Заключение. Анализ представленных в обзоре методов позволяет создать методологическую основу для дальнейшего совершенствования и разработки новых методик анализа гидроксикоричных кислот и их производных в растительных объектах.
Полный текст
АКТУАЛЬНОСТЬ
Гидроксикоричные кислоты (ГКК) и их производные являются представителями обширного класса фенилпропаноидов [1]. Изучение подходов к анализу фенольных соединений лекарственного растительного сырья (ЛРС), включенных в Государственную фармакопею Российской Федерации (РФ) XIV издания (70 наименований), показало, что наличие ГКК достаточно редко используется как для идентификации, так и для определения их количественного содержания [2]. Так, метод тонкослойной хроматографии (ТСХ) использован для идентификации ГКК в 10 фармакопейных статьях (ФС). Количественное же определение суммы ГКК представлено только в двух ФС [2]. Включенные в XIV издание Государственной фармакопеи РФ способы экстракции и спектрофотометрический метод позволяют определять только сумму биологически активных веществ (БАВ), поглощающих в аналитической области спектра.
Благодаря наличию фенольных гидроксилов ГКК обладают антиоксидантными свойствами, наряду с которыми проявляют бактериостатическое, противовоспалительное, антимикозное, радиопротекторное и противовирусное действие [3]. Таким образом, закономерен возрастающий интерес к поиску новых сырьевых источников, содержащих достаточные количества ГКК различного строения. Известно, что ГКК в растениях чаще всего содержатся в виде сложных эфиров с органическими кислотами. Однако отсутствие стандартных образцов (СО) эфиров ГКК и их изомерных форм приводило к необходимости предварительного гидролиза указанных соединений в извлечениях из растительного сырья, что значительно усложняло анализ. Получение СО ранее недоступных соединений позволяет в настоящее время идентифицировать не только общеизвестные ГКК, но и их изомеры, эфиры, гликозиды и т. д. Этому способствуют также развитие и совершенствование физико-химических методов, в частности высокоэффективной жидкостной хроматографии (ВЭЖХ), которая, как правило, позволяет обнаруживать ГКК в экстрактах растительных объектов без их предварительной тщательной очистки. Так, в последние годы надежно идентифицировать многие БАВ в растительном сырье, в том числе ГКК, позволяет метод ВЭЖХ с масс-спектрометрическим детектированием (ВЭЖХ-МС/МС) или сочетанием диодно-матричного и масс-спектрометрического детектирования (высокоэффективная жидкостная хромато-масс-спектрометрия с УФ-детектированием (ВЭЖХ-УФ/МС) с различными источниками ионизации) [4–7]. Значительно расширяет возможности изучения фенольных соединений применение таких современных методов анализа, как ультраэффективная жидкостная хроматография (УЭЖХ) и масс-спектрометрия высокого разрешения [8]. При отсутствии СО в методе ВЭЖХ или невозможности установления структуры соединений вышеописанными методами с достаточно высокой степенью достоверности возможна идентификация ГКК методом газовой хромато-масс-спектрометрии (ГХ-МС) по библиотеке масс-спектров, что позволяет значительно расширить их компонентный состав [9–11]. В ряде работ показана возможность идентификации ГКК методом капиллярного электрофореза (КЭ) [12, 13].

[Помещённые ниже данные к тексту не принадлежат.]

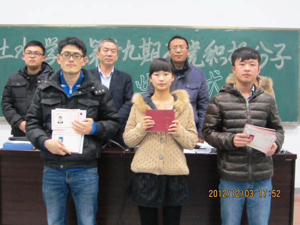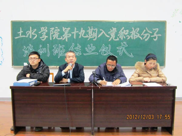 12月3日下午,土水学院第十九期入党积极分子培训班结业仪式在工科楼三阶教室隆重举行。党总支副书记王德全老师、张强老师、12级辅导员马娇老师和151名入党积极分子学员出席了结业仪式。仪式由辅导员王锋峰老师主持。

В обзоре проведен анализ опубликованных в отечественных периодических научных журналах материалов и материалов конференций за 15 лет. Представлены результаты исследований российских ученых. В цитируемых работах представлены результаты выбора условий извлечения и изучения содержания и структуры ГКК и их производных указанными выше методами около 200 видов растений, произрастающих или культивируемых в РФ, а также в растительном сырье, используемом для производства биологически активных добавок к пище (БАД) или растительных лекарственных препаратов.
Все вышесказанное может способствовать совершенствованию методов стандартизации растительного сырья по содержанию ГКК и поиску их новых перспективных источников.

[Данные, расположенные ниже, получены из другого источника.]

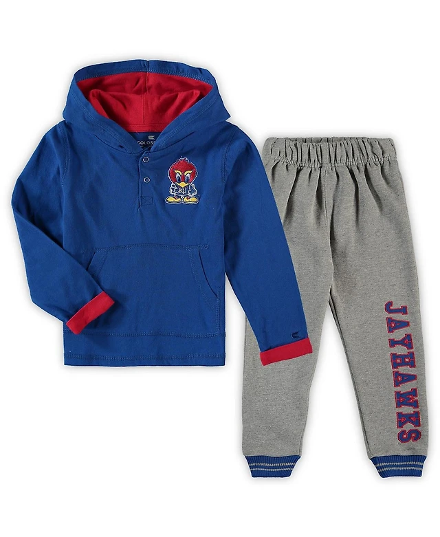 Toddler Boys Colosseum Royal and Heathered Gray Kansas Jayhawks Poppies Hoodie Sweatpants Set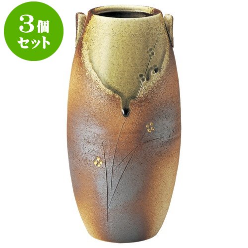 3個セット 花瓶 火色金彩長花入(信楽焼) [ 14 x 14 x 29cm ] 料亭 旅館 和食器 飲食店 業務用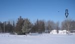 The park sits on the edge of Lake MI. The safety zone is marked by the N-S and E-W lines, as there is a row of semi-mobile homes on the photo’s bottom edge and across the street. I’m sure a few 7.5s bounced off the gazebo’s roof.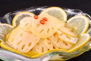 2:将糖、醋、盐倒入莲藕中拌入味,摆盘时可将一些辣椒圈撒在上面装饰即可。

Цель исследования — критический анализ и обобщение данных отечественной литературы по выбору условий извлечения и использования современных методов жидкостной и газовой хроматографии в сочетании с масс-спектроскопией, а также метода КЭ для изучения наличия и структуры ГКК и их производных в растениях, произрастающих на территории РФ.
МАТЕРИАЛЫ И МЕТОДЫ
Результаты исследований российских ученых. Публикации в отечественных периодических научных журналах и материалы конференций за последние 15 лет. Методом исследования служил ретроспективный информационно-аналитический анализ.
РЕЗУЛЬТАТЫ И ОБСУЖДЕНИЕ
Методы ВЭЖХ-УФ/МС и ВЭЖХ/МС/МС
В рассмотренных работах на первых этапах исследований прежде всего обсуждались способы извлечения суммы фенольных соединений, которые отличаются большим разнообразием. ГКК извлекают, используя воду, метиловый и этиловый спирт различной концентрации при нагревании на водяной бане, применяя обработку в ультразвуковой (УЗ) ванне или настаивание в течение нескольких суток при комнатной температуре. В качестве примеров ниже приведены некоторые методики получения извлечений из растительного сырья.
БАВ измельченной травы тысячелистника обыкновенного (Achilléa millefólium L. сем. Asteraceae) экстрагировали горячей водой в конической колбе с обратным холодильником при нагревании на кипящей водяной бане в течение 30 мин [9].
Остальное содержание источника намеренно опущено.